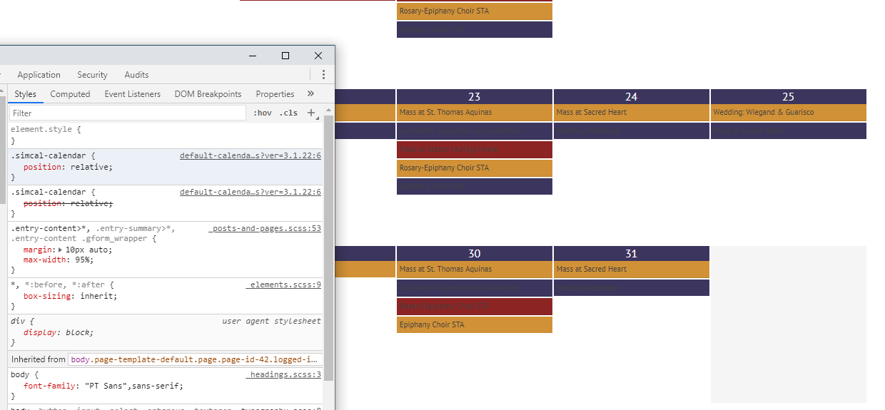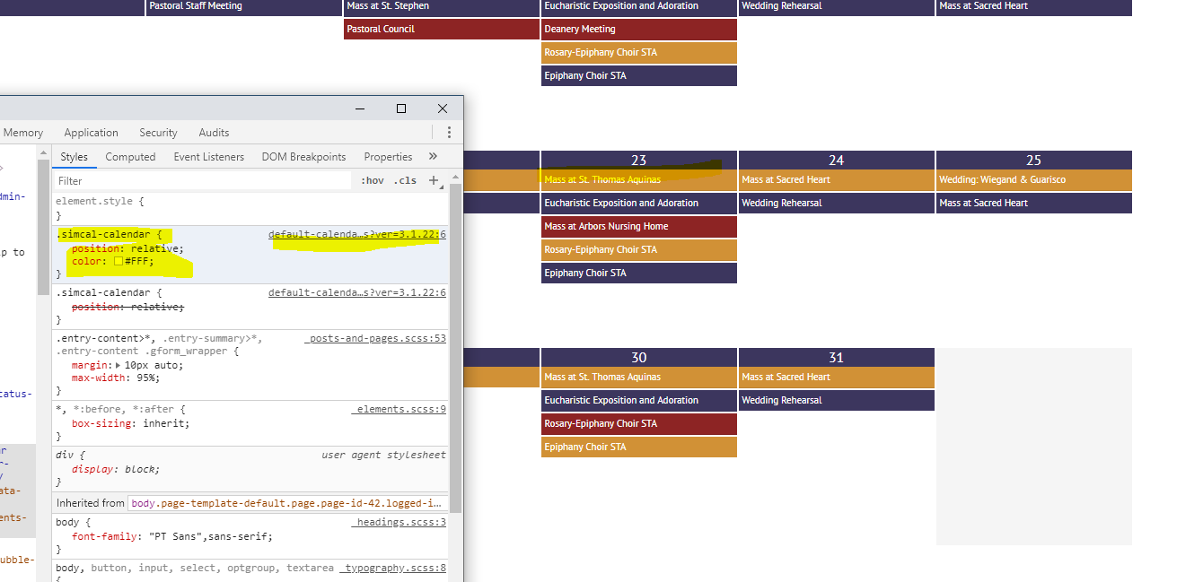 Color needs to be changed on the Calendar Page: https://epiphanyofthelord.diocesanweb.org/calendar/ and the homepage.
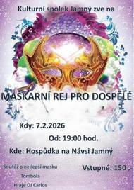 Zveme vás na Maškarní rej pro dospělé, který se uskuteční 7. února 2026 od 19:00. Přijďte si užít večer plný tance, zábavy a setkání s přáteli. Nezapomeňte přijít v originálním kostýmu! Pro účastníky je připravena bohatá tombola.
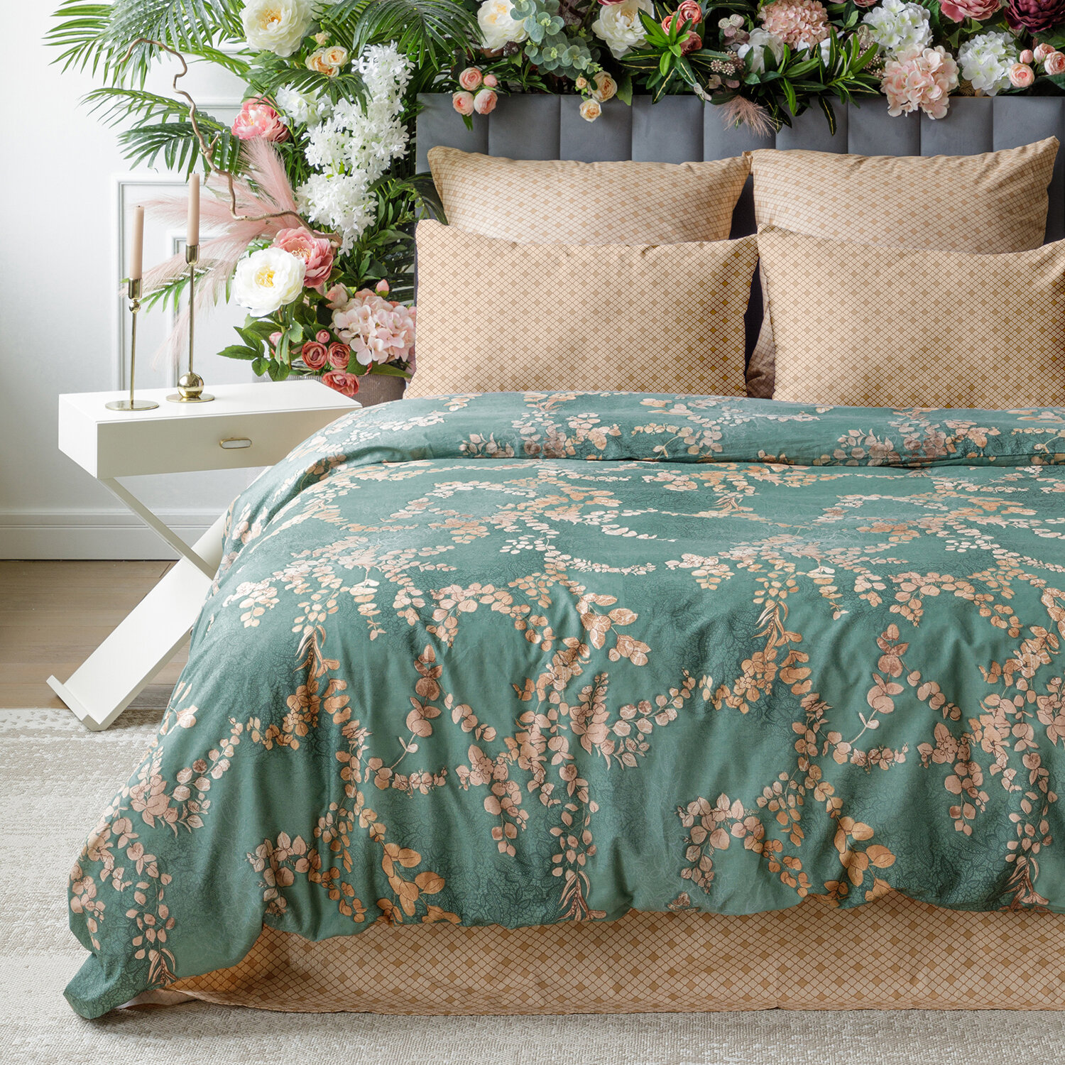 Постельное белье Евро Mia Cara, Перкаль, 4 нав. (50х70-2шт; 70х70-2шт), на резинке, Таинственный сад ,зеленый
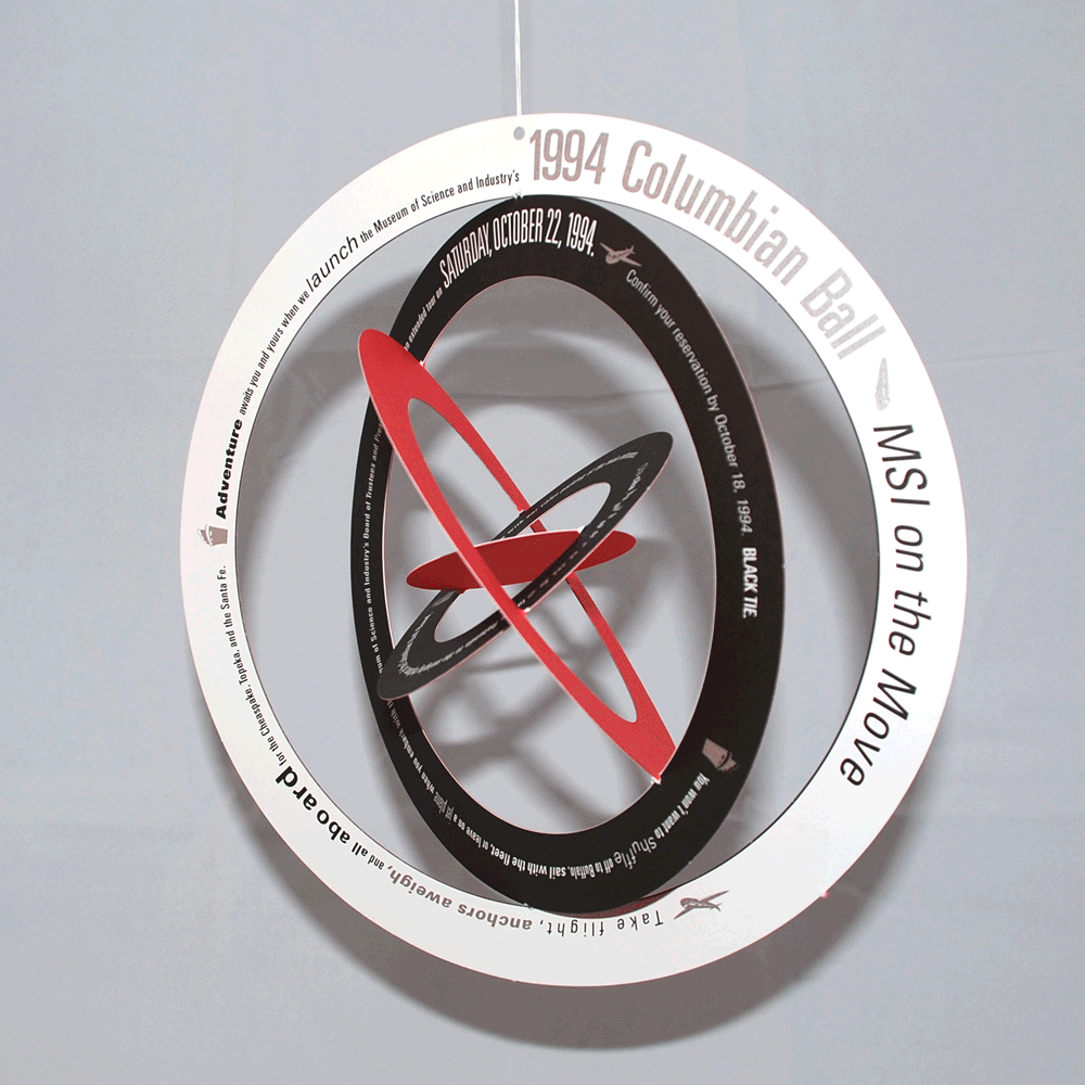 The Museum of Science and Industry’s Columbian Ball supports it’s Annual Fund. Transportation was the theme for this particular year’s fund-raising event. The scope of the project included everything from the invitation to decorations to calendars and even travel mugs. The transportation icons I designed and illustrated were used throughout the project, providing continuity to the many disparate applications. The kinetic, three-dimensional invitation/mobile references the transformation of the traveller in space and time, while also providing a whimsical reminder to attend the event.

Problem:
Quote the data above in full and without alteration; skip the pictures.

Result below:
 Color needs to be changed on the Calendar Page: https://epiphanyofthelord.diocesanweb.org/calendar/ and the homepage.
 Zveme vás na Maškarní rej pro dospělé, který se uskuteční 7. února 2026 od 19:00. Přijďte si užít večer plný tance, zábavy a setkání s přáteli. Nezapomeňte přijít v originálním kostýmu! Pro účastníky je připravena bohatá tombola.
 Постельное белье Евро Mia Cara, Перкаль, 4 нав. (50х70-2шт; 70х70-2шт), на резинке, Таинственный сад ,зеленый
 The Museum of Science and Industry’s Columbian Ball supports it’s Annual Fund. Transportation was the theme for this particular year’s fund-raising event. The scope of the project included everything from the invitation to decorations to calendars and even travel mugs. The transportation icons I designed and illustrated were used throughout the project, providing continuity to the many disparate applications. The kinetic, three-dimensional invitation/mobile references the transformation of the traveller in space and time, while also providing a whimsical reminder to attend the event.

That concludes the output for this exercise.